В результате этой болезни больная нога у Алика стала на 1,5 см короче, одна икроножная мышца атрофирована, а ступня на один номер обуви меньше. При ходьбе прихрамывал, но с возрастом стало незаметно, от армии был освобождён. Фактически Алик был инвалидом с детства. Ему полагалось работать не на тяжелой работе, но он почему-то работал наравне со всеми, и это сразу же сказалось; как только стала нагрузка на больную ногу; его мучения не закончились, он начал выпивать.

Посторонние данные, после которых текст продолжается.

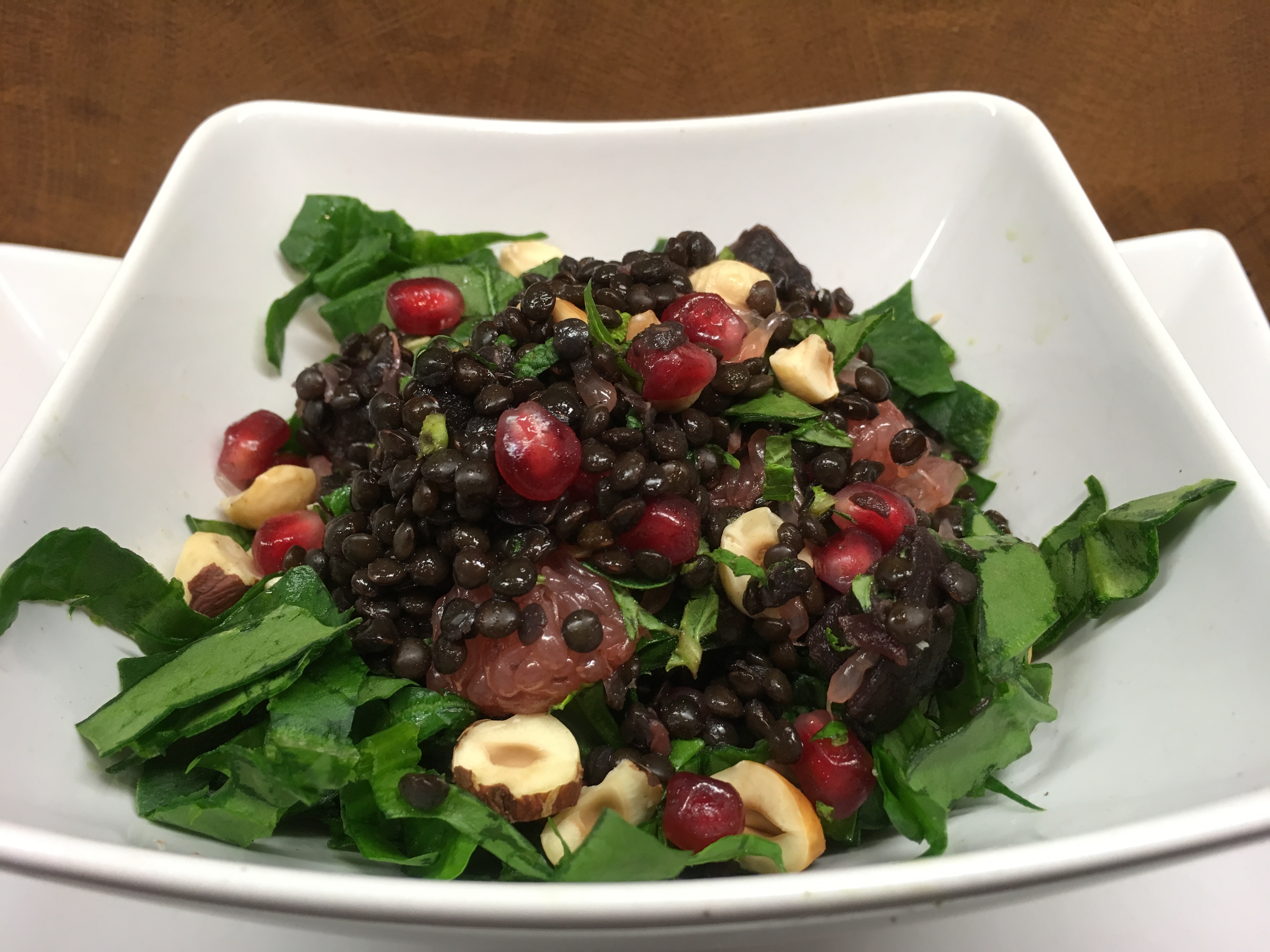 Linsen Salat mit gerösteten Rote Bete, Grapefruit, Spinat, Haselnüssen und Granatapfelkernen aus Beluga Linsen, serviert mit einem leckeren Dattel Ingwer Vinaigrette Dressing und frischer Minze.
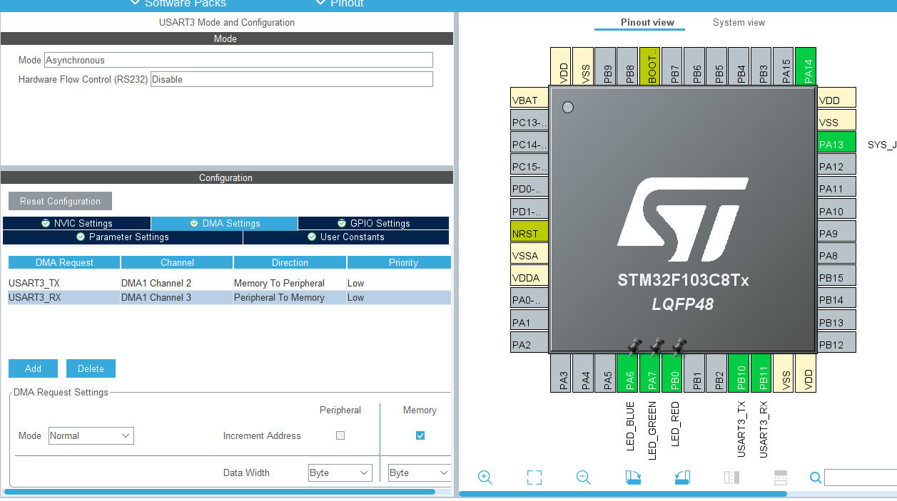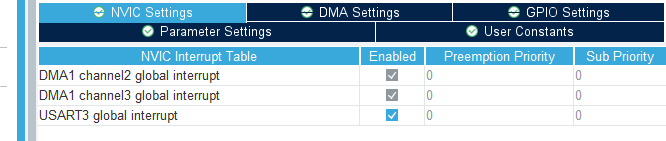 开启USART3中断,添加DMA 通道。

В семье у Дау-опая было совсем по-другому, не так как у нас дома. Здесь все разговаривали на татарском языке. Дети не слушались маленькую бабулю — безногую Онькай, — и Рустам, и Алик перечили ей и грубили. Алик кричал на нее что-то по-татарски, когда она успокаивала его, чтобы он много не бегал. Несмотря на больную ногу, он был таким же шустрым, он подвижный как огонь. Я спросила у него: «Разве можно так кричать на бабулю?» Алик подумал и сказал: «Здесь так можно». Особенно с Онькай ругалась Дау-опай, её старшая дочь. Она её резко обрывала: «Кысылмагэз! Эшен булмасэн!» — «Не вмешивайтесь! Не ваше дело!» Альфия-опай пыталась их урезонить: «Онием! Онькай! Житар энды!» — «Мамочка, Бабуля! Хватит уже!»
Такое отношение к Онькай я быстро переняла. В перепалке с маленькой бабулей я перещеголяла и Алика, и Рустама. Вскоре уверенно щебетала на обоих языках. Зато я научилась татарскому языку. Один раз я даже пригрозила Онькаю кулачком. Она, бедная, пыталась за мной бежать, чтобы отшлёпать: « Мин синга курсатэрмэн йезэрэк курсатырга!» — «Я тебе покажу кулачок показывать!»
Онькай жаловалась маме, которая очень уставшая поздно вечером с большим трудом добиралась до дома с работы с одного конца Старого города на другой — в колхоз на Куйлюке на попутных бричках. Мама меня ругала, проклинала даже.
Так я с детства научилась ругаться со взрослыми, все так делают и я. «Марьям! Кора-лэ бу кызынгнэ, минэм блян паря-паря толаша!» — «Марьям! Посмотри-ка на свою дочь, со мной на пару ругается!» Мама меня никогда не могла поймать, чтобы побить, юркая была я.
Каждое утро Онькай обматывала свои ноги широкими бинтами, которые ей приносила с аптеки мама. Предварительно смазывала вазелином, потом одевала собственноручно стёганные бурки, по краям изнутри делала валики из ваты, чтобы помягче было. Одно колено у неё сильно болело, так как кость чуть-чуть выпирала. У другой ноги колено было сохранено, но на ней были мозоли. По вечерам, разбинтовав, было всегда покраснение.
Мы с бабушкой в комнате спали рядом, и Онькай утром показывала мне и жаловалась, что ноги болят, а вставать надо. Бабушка спала за ширмой на железной кровати с мягкой сеткой справа от входной двери, а я у её изголовья на сундуке. Мне её было очень жалко, и я старалась помочь отнести-принести, но вскоре убегала поиграть. Шестилетней усидеть на месте очень трудно.
Алик лежал на лечении в санатории, там он и учился.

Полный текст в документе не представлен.